Terveystalo Plc: Notice of the Annual General Meeting

Terveystalo Plc Stock Exchange Release 14 February 2019 at 9:05 EET

Notice is given to the shareholders of Terveystalo Plc of the Annual General Meeting to be held on Thursday, 4 April 2019 at 3:00 p.m. at Marina Congress Center, Katajanokanlaituri 6, Helsinki, Finland. The reception of attendees, who have registered for the meeting, will commence at 2:00 p.m.

A. Matters on the agenda of the Annual General Meeting

The following matters will be considered at the Annual General Meeting:

1. Opening of the meeting

2. Calling the meeting to order

3. Election of persons to scrutinize the minutes and to supervise the counting of votes

4. Recording of the legality of the meeting

5. Recording the attendance at the meeting and adoption of the list of votes

6. Presentation of the Financial Statements, the Report of the Board of Directors and the Auditor’s Report for the year 2018

– Review by the CEO

7. Adoption of the Financial Statements

8. Resolution on the use of the profit shown on the balance sheet and resolution on the return of equity

On 31 December 2018, the parent company’s distributable funds totaled EUR 518.2 million, of which EUR 9.2 million was profit for the financial year. The Board of Directors proposes to the Annual General Meeting that no dividend be distributed based on the adopted balance sheet. In addition, the Board of Directors proposes that EUR 0.20 per share be distributed for 2018 from the unrestricted equity reserve, totaling EUR 25.5 million with the current number of shares. The distribution would be paid to a shareholder, who on the distribution payment record date of 8 April 2019 is registered in the Company’s shareholders’ register maintained by Euroclear Finland Oy. The distribution would be paid on 15 April 2019.

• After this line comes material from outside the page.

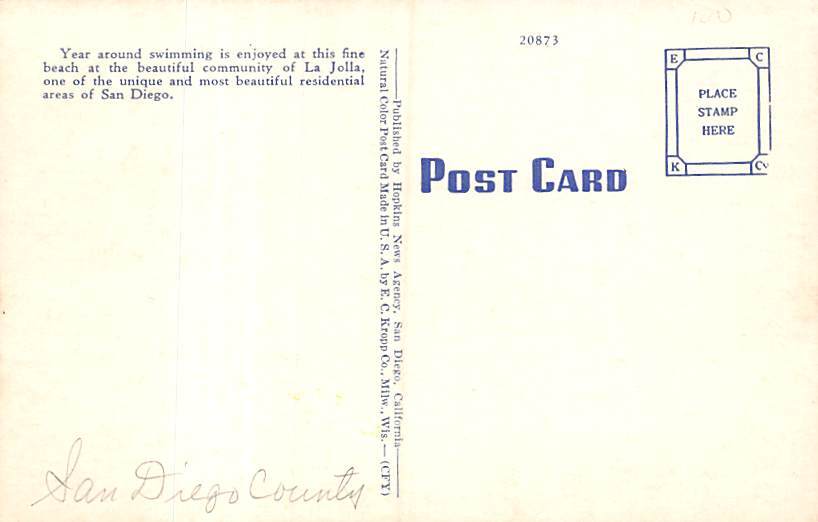 Bathing Beach La Jolla CA Postcard - Unused Grade: 1 Size: R - Regular size: Approx 3 1/2 X 5 1/2 inch (9 cm X 14 cm) Grading Scale: Grade 1 = Perfect corners Grade 2 = Very Minimal corner wear, no creases Gra ... Read More

9. Resolution on the discharge of the members of the Board of Directors and the CEO from liability

10. Resolution on the remuneration of the members of the Board of Directors

The Shareholders’ Nomination Board proposes to the Annual General Meeting that the remuneration paid to the members of the Board remain unchanged from the previous term and shall be the following:

– Annual remuneration of the Chairman EUR 80,000
– Annual remuneration of the Vice-Chairman EUR 49,000
– Annual remuneration of the members EUR 39,000
– Annual remuneration of the Chairman of the Audit Committee EUR 49,000.

Additionally, the following attendance fees shall be paid for each Board and Committee meeting: EUR 600 for members residing in Finland, EUR 1,200 for members residing elsewhere in Europe and EUR 2,400 for members residing outside of Europe. For Board and Committee meetings that are held by telephone or other electronic means, the attendance fee shall be EUR 600. Travel expenses are proposed to be reimbursed in accordance with the Company’s travel policy.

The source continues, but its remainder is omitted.